## WHAT TO DO
A faithful copy of the data is what is wanted, minus any pictures.

## INFORMATION SUPPLIED
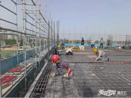 在伊宁市第一中学教学楼、宿舍楼建设项目现场,施工人员各司其职、默契协作,钢筋绑扎、模板支护等工序有序推进,一派热火朝天的奋进景象。
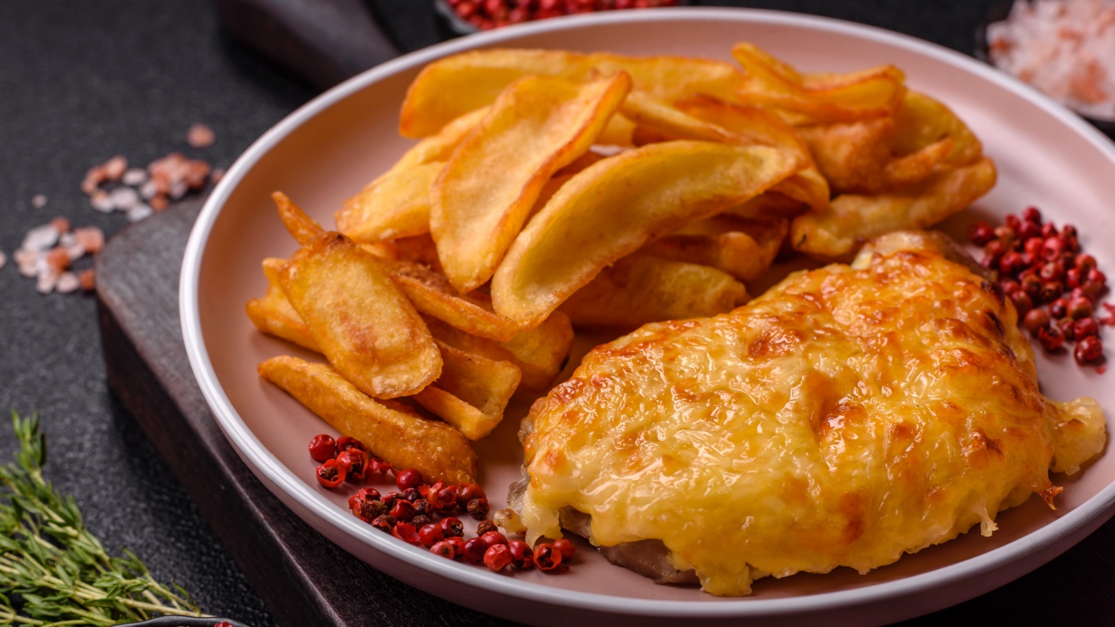Мясо по-французски — это популярное блюдо русской кухни, которое, несмотря на название, не имеет никакого отношения к Франции [1]. В его составе — простые и доступные ингредиенты. Если замариновать мясо заранее, то приготовление занимает около часа. В порции 200 г содержится примерно 350 ккал [2].
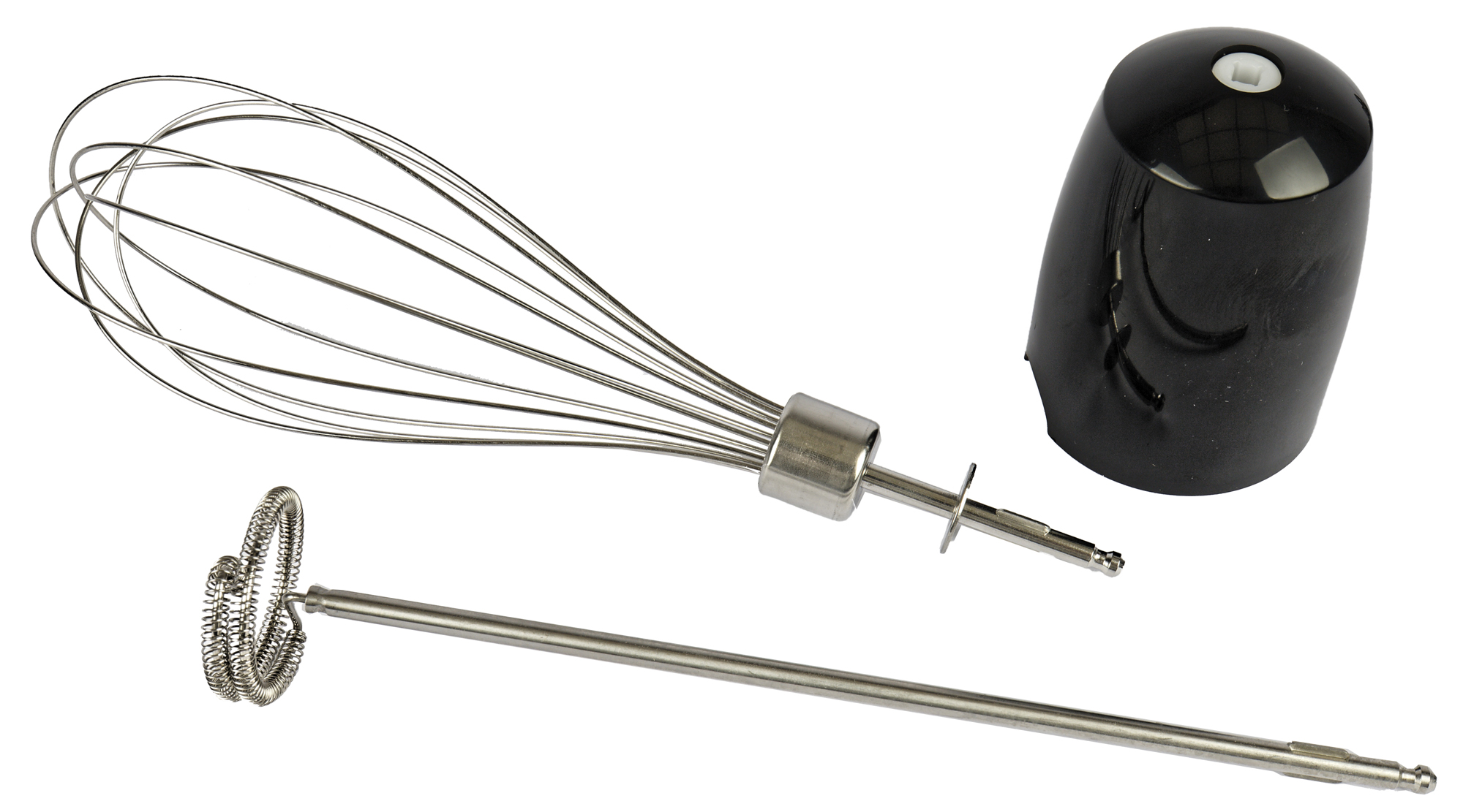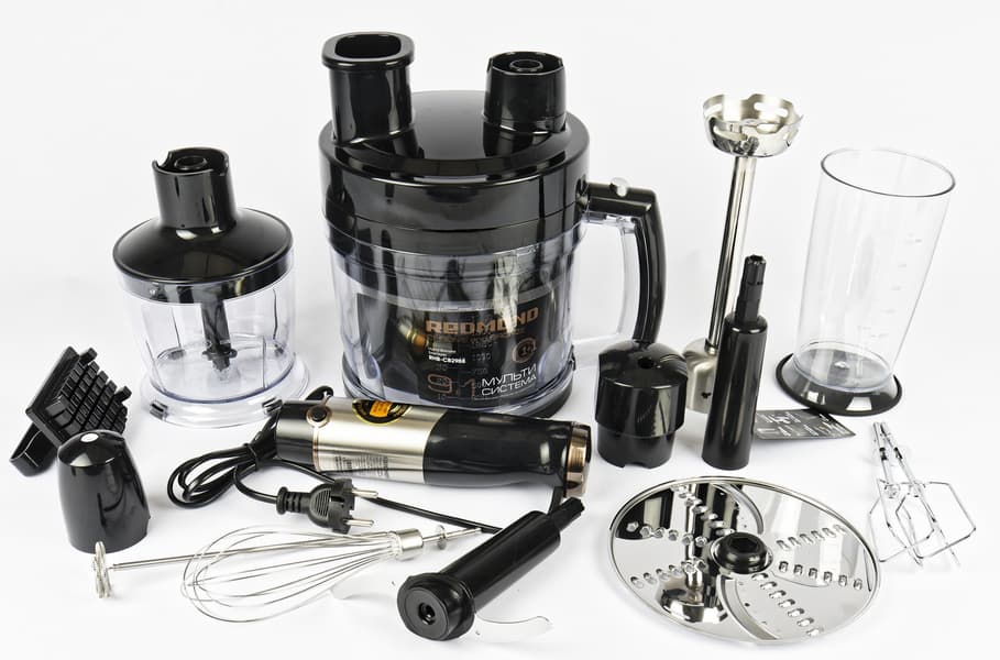 Ну что тут расписывать, казалось бы? В комплектации каждого погружного блендера — и простого, и «сто в одном» и заменяющего кухонный комбайн, есть насадка-венчик. Взбивай — и дело с концом. Но у нас был и отличный, и не совсем удачный опыт с очень хорошим прибором, поэтому можем дать некоторые рекомендации на примере многофункционального блендера Redmond RHB-CB2988 «9 в 1». Тестируя его и пытаясь приготовить тесто для бисквита, мы обнаружили, что классическая насадка при установке на моторный блок оказалась слишком длинной, поэтому взбивать ею яичную массу было неудобно. К тому же минимальная скорость для этой насадки явно слишком высока, поэтому содержимое стандартной широкой миски глубиной 9 см разлеталось по всей кухне даже на первой скорости и при наклоне емкости. То есть использовать венчик слишком мощного блендера удобно только в более глубокой посуде. Продолжили приготовление теста и воспользовались второй насадкой — миксером с двумя венчиками. Вот она справилась превосходно, но такая насадка есть далеко не у всех блендеров. Проще — вот правда — пользоваться обычным миксером с двумя венчиками. Это не совсем удобно в сравнении с миксером планетарным, потому что заняты руки и надо делать паузы в работе для добавления ингредиентов и чтобы дать передохнуть и остыть мотору, но длинная насадка-венчик для блендера может подвести при определенных условиях (слишком высокая минимальная скорость, слишком длинная насадка).

## ANSWER FOR THE TASK
 在伊宁市第一中学教学楼、宿舍楼建设项目现场,施工人员各司其职、默契协作,钢筋绑扎、模板支护等工序有序推进,一派热火朝天的奋进景象。
Мясо по-французски — это популярное блюдо русской кухни, которое, несмотря на название, не имеет никакого отношения к Франции [1]. В его составе — простые и доступные ингредиенты. Если замариновать мясо заранее, то приготовление занимает около часа. В порции 200 г содержится примерно 350 ккал [2].
 Ну что тут расписывать, казалось бы? В комплектации каждого погружного блендера — и простого, и «сто в одном» и заменяющего кухонный комбайн, есть насадка-венчик. Взбивай — и дело с концом. Но у нас был и отличный, и не совсем удачный опыт с очень хорошим прибором, поэтому можем дать некоторые рекомендации на примере многофункционального блендера Redmond RHB-CB2988 «9 в 1». Тестируя его и пытаясь приготовить тесто для бисквита, мы обнаружили, что классическая насадка при установке на моторный блок оказалась слишком длинной, поэтому взбивать ею яичную массу было неудобно. К тому же минимальная скорость для этой насадки явно слишком высока, поэтому содержимое стандартной широкой миски глубиной 9 см разлеталось по всей кухне даже на первой скорости и при наклоне емкости. То есть использовать венчик слишком мощного блендера удобно только в более глубокой посуде. Продолжили приготовление теста и воспользовались второй насадкой — миксером с двумя венчиками. Вот она справилась превосходно, но такая насадка есть далеко не у всех блендеров. Проще — вот правда — пользоваться обычным миксером с двумя венчиками. Это не совсем удобно в сравнении с миксером планетарным, потому что заняты руки и надо делать паузы в работе для добавления ингредиентов и чтобы дать передохнуть и остыть мотору, но длинная насадка-венчик для блендера может подвести при определенных условиях (слишком высокая минимальная скорость, слишком длинная насадка).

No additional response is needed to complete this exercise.